American tennis player and magazine publisher

Gladys Medalie Heldman (May 13, 1922 – June 22, 2003) was an American tennis player, promoter, manager and magazine publisher. She was the founder of World Tennis magazine. As a manager, she supported and represented Billie Jean King and eight other female tennis players: Rosie Casals, Judy Dalton, Julie Heldman, Kerry Melville, Peaches Bartkowicz, Kristy Pigeon, Nancy Richey, and Valerie Ziegenfuss. They were called the Houston Nine. She helped form the Virginia Slims Circuit in the early 1970s (the precursor of today's WTA Tour). She is a member of the International Tennis Hall of Fame and the International Jewish Sports Hall of Fame.

==Background==
Heldman, the daughter of New York Court of Appeals judge George Z. Medalie, was born in New York City on May 13, 1922, and first became interested in tennis after marrying Julius Heldman, the United States Junior Champion of 1936. Gladys started playing tennis in 1946 after her two daughters were born. Gladys rose to a No. 1 ranking in Texas, as well as No. 2 in the Southwest; she even appeared at Wimbledon in 1954 and also competed in the U.S. Championships at Forest Hills. Her daughters, Carrie and Julie Heldman, had National Junior Rankings, and Julie was ranked as high as No. 5 in the World.
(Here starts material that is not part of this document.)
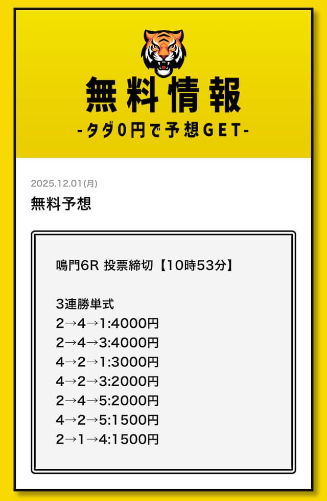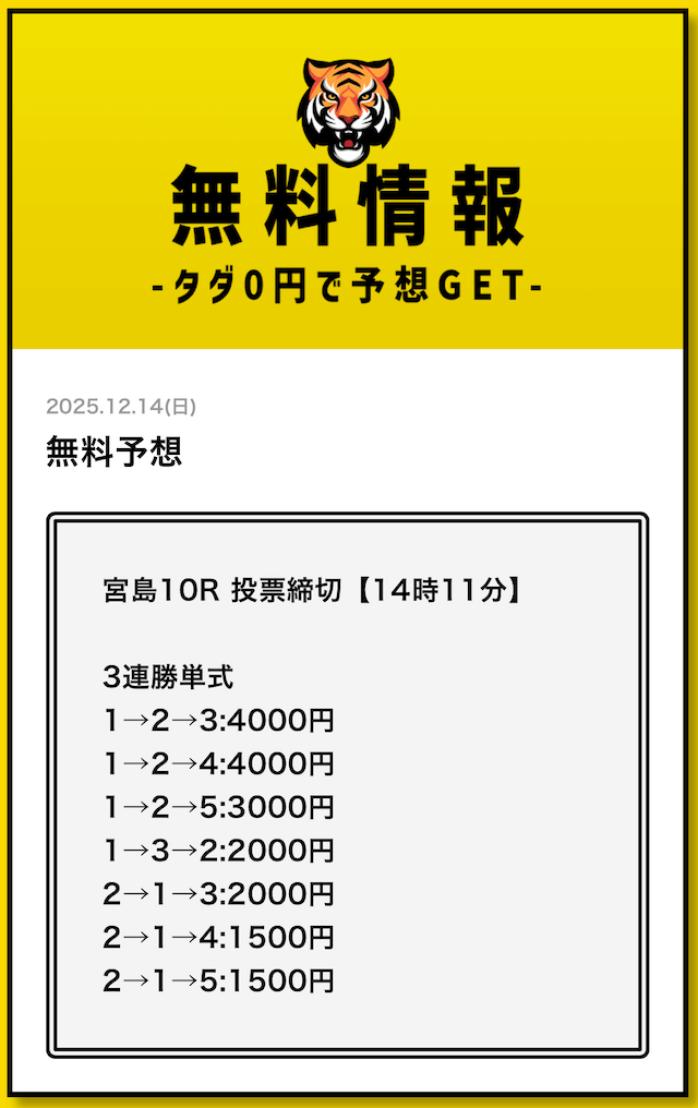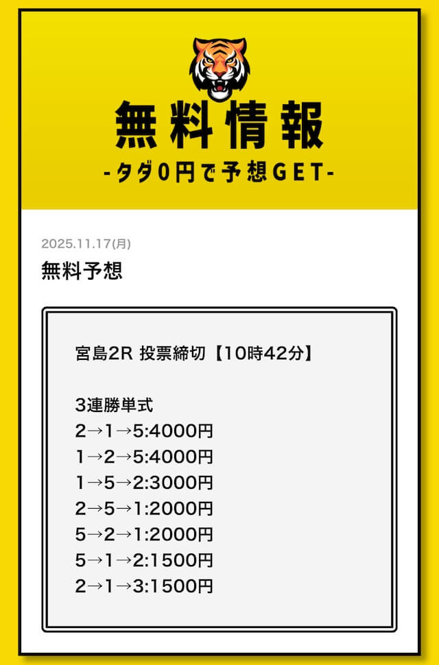 タイガーボートは、攻略難易度の高いレースを読み切ることに長けた予想サイト。

She was a graduate of Stanford University and a Phi Beta Kappa. Her two daughters went to Stanford as well. Gladys Heldman died at her home in Santa Fe, New Mexico on June 22, 2003, from a self-inflicted gunshot wound after she had been suffering from a terminal heart condition at age 81.

==World Tennis magazine==
Gladys Heldman is best known for founding World Tennis magazine in 1953, and for promoting the women's game during the 1950s and 1960s. She worked with female tennis players to create a separate women's circuit in 1970. Female players received less prize money than their male counterparts, e.g. in 1968, the women's champion received £750, while the men's received £2000. Following the Pacific Southwest Championships's decision in September 1970 to pay male players eight times more money, with Gladys' organization, top players, including Billie Jean King, Rosie Casals, and her daughter Julie, formed a separate women's tour. With backing from Joe Cullman of Philip Morris, the first participants in the circuit, known as the "Houston Nine," played the first Virginia Slims Circuit tournament in Houston in late 1970. The players accepted $1 contracts from Heldman. The tournament was a success, and although the American players were temporarily suspended by the USLTA, the Virginia Slims Circuit became so popular that it eventually merged with the USLTA.

Heldman sold her magazine to CBS Publications in 1975 and was out of tennis politics by the middle 1970s.

Heldman was inducted into the International Tennis Hall of Fame in 1979, Texas Tennis Hall of Fame in 1988, ITA Women's Hall of Fame in 1998, and International Jewish Sports Hall of Fame in 2000.

==Portrayal in film==
Sarah Silverman plays Heldman in the 2017 movie Battle of the Sexes.